For this time we have only considered the behavioural data and the structural mri as these datasets have the most ids in common.

In [0]:
assert combined_df.shape == (1053, 652)

In [247]:
from sklearn.model_selection import KFold
from sklearn.preprocessing import MinMaxScaler

def mean_imputer(x, y):
    return np.where(np.isnan(x), np.ma.array(x, mask=np.isnan(x)).mean(axis=0), x),\
            np.where(np.isnan(y), np.ma.array(x, mask=np.isnan(x)).mean(axis=0), y)  

# we are goint to remove some behavioral data based on their null values
drop_missing_threshold = 0.5


kf = KFold(n_splits=5, random_state=17, shuffle=True)
kf.get_n_splits(combined_df)

# preds = np.zeros(combined_df.shape[0], len(most_common_disorders))
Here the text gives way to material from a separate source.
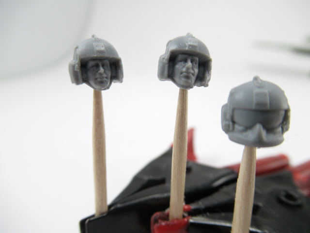 The cool thing about the crew chief is the maxillofacial shield (MFS) which can be painted up in a number of cool ways. This is the first time that I know of, that the MFS is made available in 1/48 scale. The faces of the pilots are quite well proportioned and will look great with their HGU-56 helmets.

for train_index, test_index in kf.split(combined_df):
    train, test = combined_df.iloc[train_index], combined_df.iloc[test_index]
    # for testing purposes
    break

columns_mask = pd.isnull(train).sum() / train.shape[0] >= drop_missing_threshold

print('Droping this many columns:', np.sum(columns_mask))

dropped_columns = train.columns[columns_mask]

train = train.drop(columns=dropped_columns)
test = test.drop(columns=dropped_columns)

# classes
train_classes = train[most_common_disorders].values
test_classes = test[most_common_disorders].values

# keep only features
train = train.drop(columns=most_common_disorders)
test = test.drop(columns=most_common_disorders)

train_mask = pd.isnull(train).values.astype(np.float32)
test_mask = pd.isnull(test).values.astype(np.float32)

# deal with numpy because of some weird SettingWithCopyWarning I cannot figure out
# impute based on the mean values
train, test = mean_imputer(train.values, test.values)

scaler = MinMaxScaler()
train = scaler.fit_transform(train)
test = scaler.transform(test)

Droping this many columns: 130


## Model

In [0]:
import tensorflow as tf
from sklearn.utils import shuffle
from sklearn.metrics import f1_score
import numpy as np
import warnings
import os


def get_batches(iterable, batch_size=64, do_shuffle=True):
    if do_shuffle:
        iterable = shuffle(iterable)

    length = len(iterable)
    for ndx in range(0, length, batch_size):
        iterable_batch = iterable[ndx: min(ndx + batch_size, length)]
        yield iterable_batch


def get_reconstruction_loss(true, predictions, mask):
    loss = np.mean(((true - predictions) ** 2) * mask, axis=1)
    return np.mean(loss, axis=0)


def multi_label_accuracy(true, predictions):
    if not issubclass(predictions.dtype.type, np.integer):
        predictions = before_softmax_to_predictions(predictions)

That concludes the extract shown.